So what does that mean for your investments?
US politicians just don't understand Europe
Europe's woes just keep growing. As if Greece wasn't enough, this morning credit rating agency Standard & Poor's downgraded Italy's credit rating by a notch. It can't have been unexpected, but it hardly put a spring in the step of Asian investors.
The idea of Greece leaving the euro is, by some estimates, too awful to contemplate (as my colleague Merryn Somerset Webb discusses here: Why the cost of letting Greece go is just too high).
But the notion of Europe clubbing together to underwrite the debts of a nation that shows no real sign of being able to change its ways is also pretty far-fetched. For that to be palatable to Germany and other northern European countries, you'd basically need German tax collectors to impose their rules on Greek citizens.
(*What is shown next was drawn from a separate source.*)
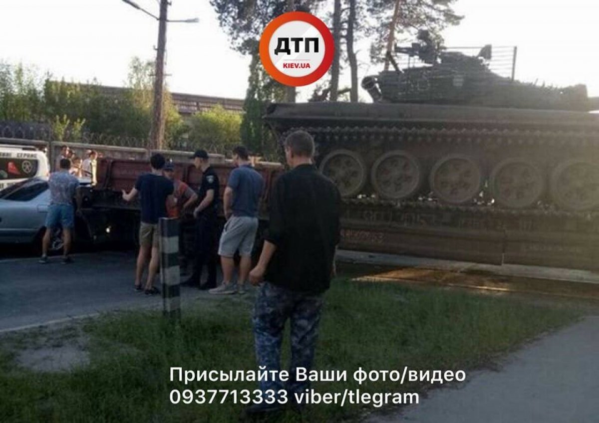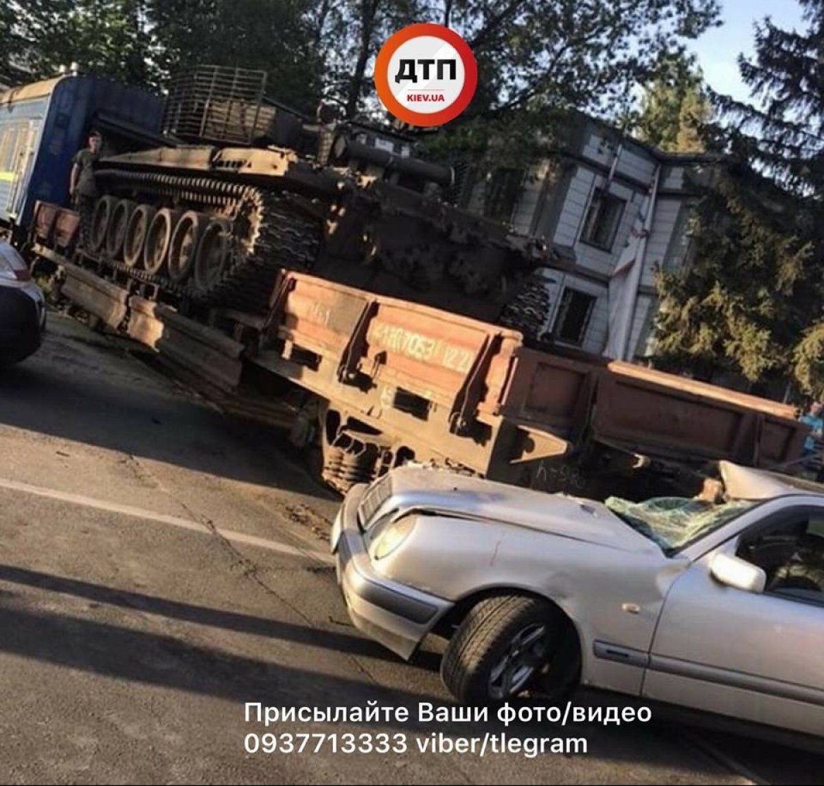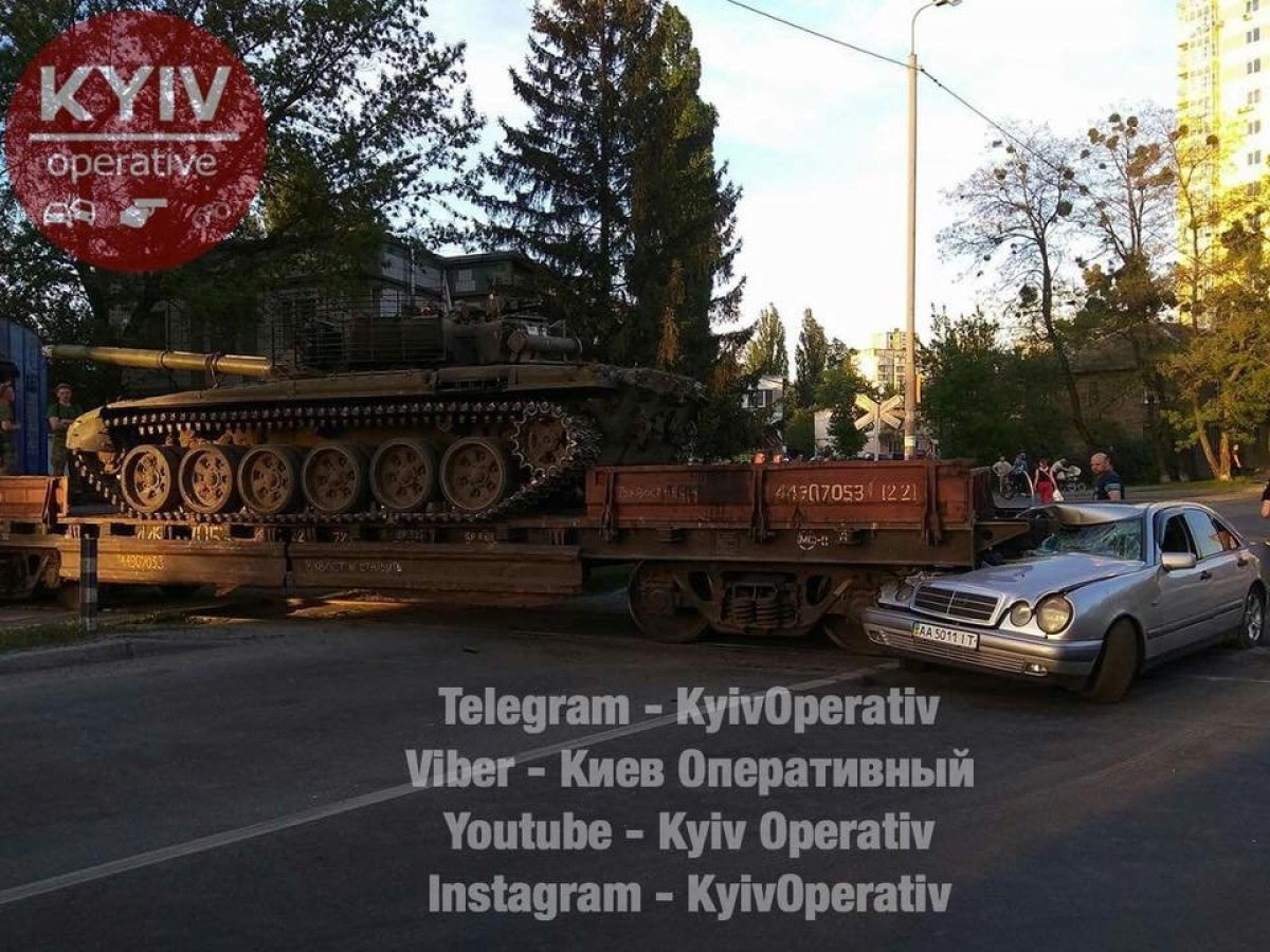 На вулиці Бориспільській у Дарницькому районі Києва надвечір четверга, 3 травня, легковий Mercedes протаранив потяг, яким в цей час саме перевозився танк. Про це повідомляє "Київ Оперативний" у Facebook, докладаючи і фото з місця інциденту.

Which would in turn require a massive step towards a federal Europe.
What's wrong with that idea? The Americans certainly seem to like it. "There must be a reduction in the financial autonomy of member states if the common currency is to survive", proclaims former US Treasury Secretary Lawrence Summers in the Financial Times.
In the process, he sums up why US politicians just don't get it when it comes to Europe. Because Greece isn't California. And Germany isn't Texas.
What do I mean? Texans and Californians are all Americans when push comes to shove. Germans and Greeks are Europeans in name only. That warm patriotic glow extends only to their national borders, not to the west coast of Portugal.
As Gideon Rachman notes in this morning's FT, this is the fundamental problem with the euro. People put their national identity ahead of any notion of a European identity. Which is perfectly understandable, not to mention blindingly obvious.
So when national interests conflict with European interests (ie when Germans are told they need to act as open-ended guarantor for the Greeks), there's no contest.
There is no sneaky way to prevent a Greek default
However, where Rachman really hits the nail on the head is when he describes the European political process. "I have always believed that steps towards deeper European unity work best when they are technical-sounding, hard to understand, and not subject to the approval of voters."
In other words, any route out of this crisis has to be a sneaky one. Trouble is, Europe has reached the point where there are no sneaky options left. A eurozone-wide bond would need approval and a new treaty. Meanwhile, any attempt by the European Central Bank to print money and embark on an open-ended buying spree of Greek, Spanish and Portuguese bonds is bound to come up against resistance from Germany.
I know it's old-fashioned to talk about 'moral hazard', but this is yet another situation that sums up why it's such an important factor to consider when you're trying to get a handle on the big picture in economics.
Europe's politicians have never really had to make the case for a united Europe. Because if the electorate disagreed with them, they pushed it through anyway. So they always took the easy way out of any uncomfortable situations.
But now there is no easy way out. Say they'd fought their corner honestly in the first place. Say they had actually persuaded voters of the benefits of euro membership. Their citizens would now feel that they had some responsibility for this situation, and might be more inclined to back steps to hold the whole project together.
As it is, trying to make the case for a united Europe at a time when the euro seems more like a millstone than something to defend, is almost impossible.
Sure, Greece leaving the euro might be unthinkable. Up until summer 2007, a run on a British bank was unthinkable but it happened. Up until September 2008, the idea that the global financial system might disintegrate overnight was unthinkable but it happened.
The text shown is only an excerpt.